• Material provided:
*** Block opens ***
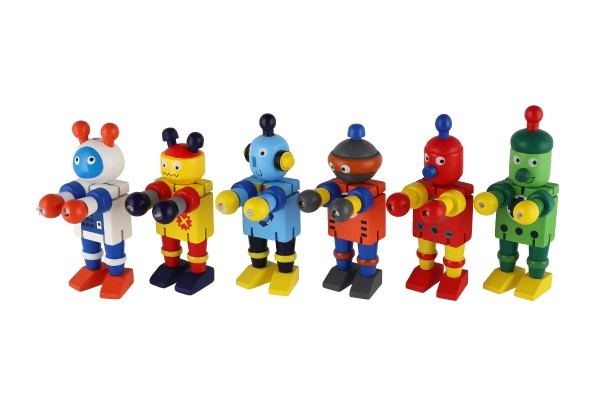 Αυτά τα πολύχρωμα ξύλινα ρομπότ είναι ιδανικά για τα πρώτα οικοδομικά και παιχνιδιάρικα σενάρια ρόλων. Χάρη στους ελαστικούς συνδέσμους, λυγίζουν εύκολα, κρατούν πόζες και ενθαρρύνουν τα παιδιά να δημιουργούν τις δικές τους ιστορίες. Το ανθεκτικό ξύλο και οι λείες άκρες εξασφαλίζουν ασφαλή και ευχάριστη χρήση ακόμη και για τους μικρότερους.
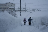 やっと少し落ち着いてきましたが、今年は本当に雪がたくさん降りました。小学校も大雪警報で2回ほど学校が休み。しかしこんなに雪が積もっていても、がんばって学校に行っています。
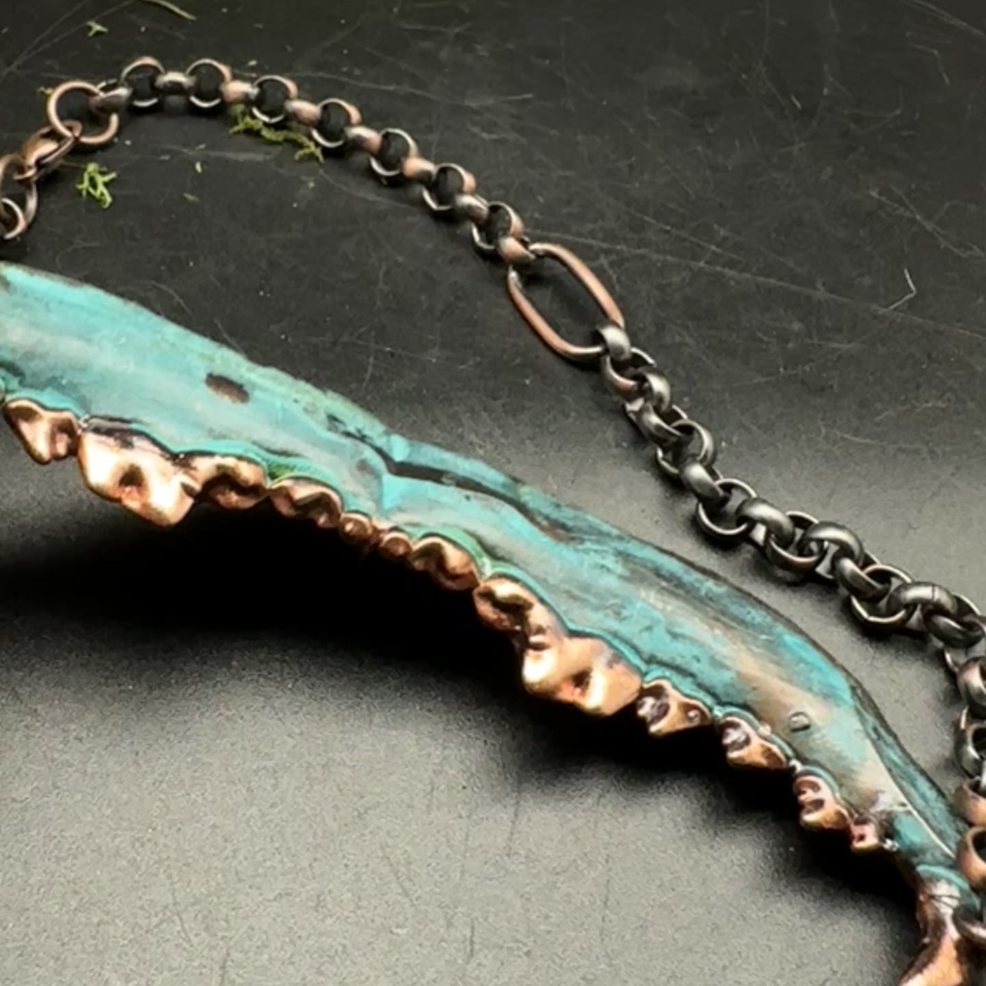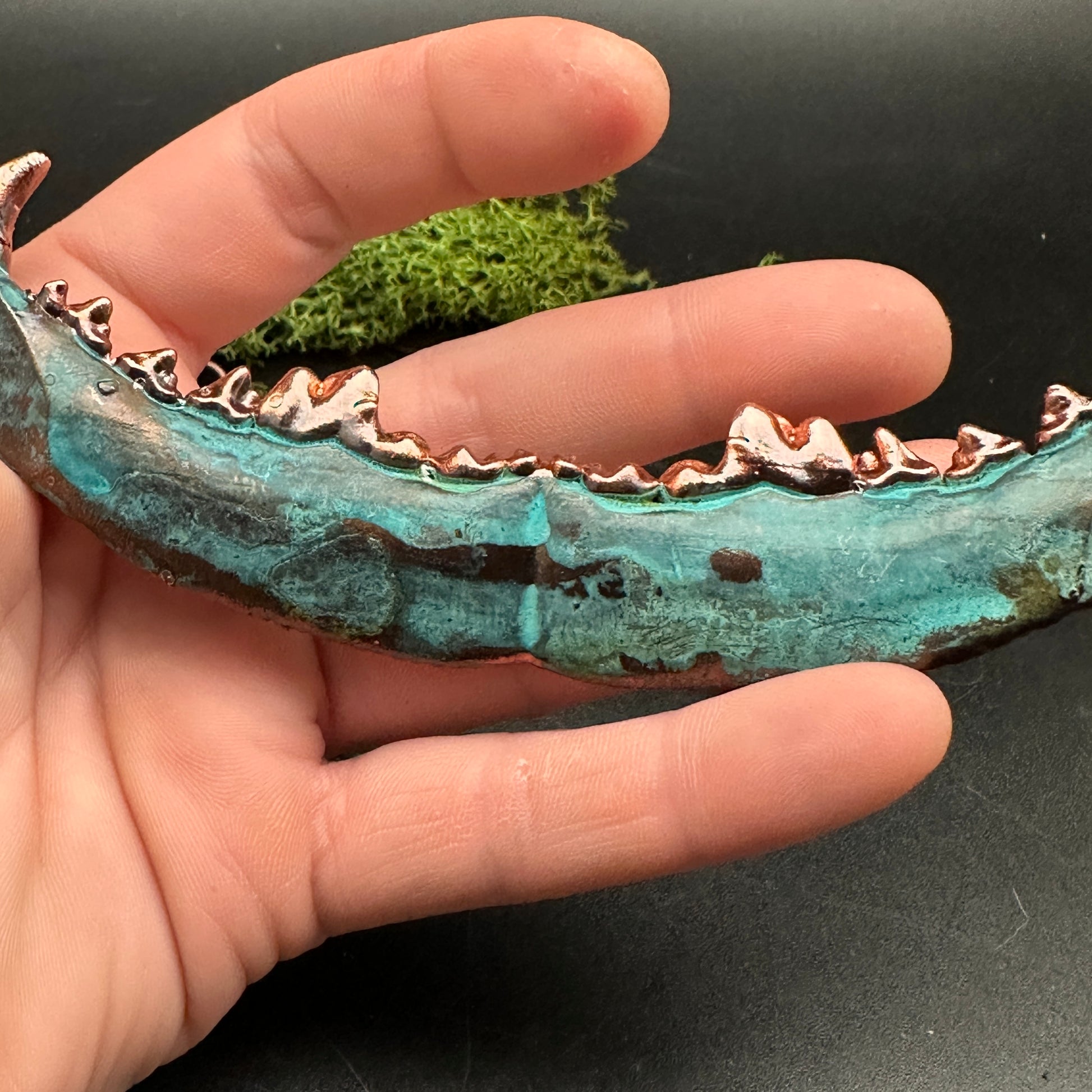 This wolf jawbone necklace stands out in it's simple but rich-toned vibe and raw, untamed beauty. Perfect for those drawn to sleek, nature-inspired styles. The design is modeled after a grey wolf jawbone, copper electroformed, oxidized, and polished. Choose your chain length. Sturdy copper rolo chain.
*** Block closes ***
• Work item: Write out exactly the lines above, from the very first through the line containing "やっと少し落ち着いてきました", both kept, with the pictures removed.

• Result:
 Αυτά τα πολύχρωμα ξύλινα ρομπότ είναι ιδανικά για τα πρώτα οικοδομικά και παιχνιδιάρικα σενάρια ρόλων. Χάρη στους ελαστικούς συνδέσμους, λυγίζουν εύκολα, κρατούν πόζες και ενθαρρύνουν τα παιδιά να δημιουργούν τις δικές τους ιστορίες. Το ανθεκτικό ξύλο και οι λείες άκρες εξασφαλίζουν ασφαλή και ευχάριστη χρήση ακόμη και για τους μικρότερους.
 やっと少し落ち着いてきましたが、今年は本当に雪がたくさん降りました。小学校も大雪警報で2回ほど学校が休み。しかしこんなに雪が積もっていても、がんばって学校に行っています。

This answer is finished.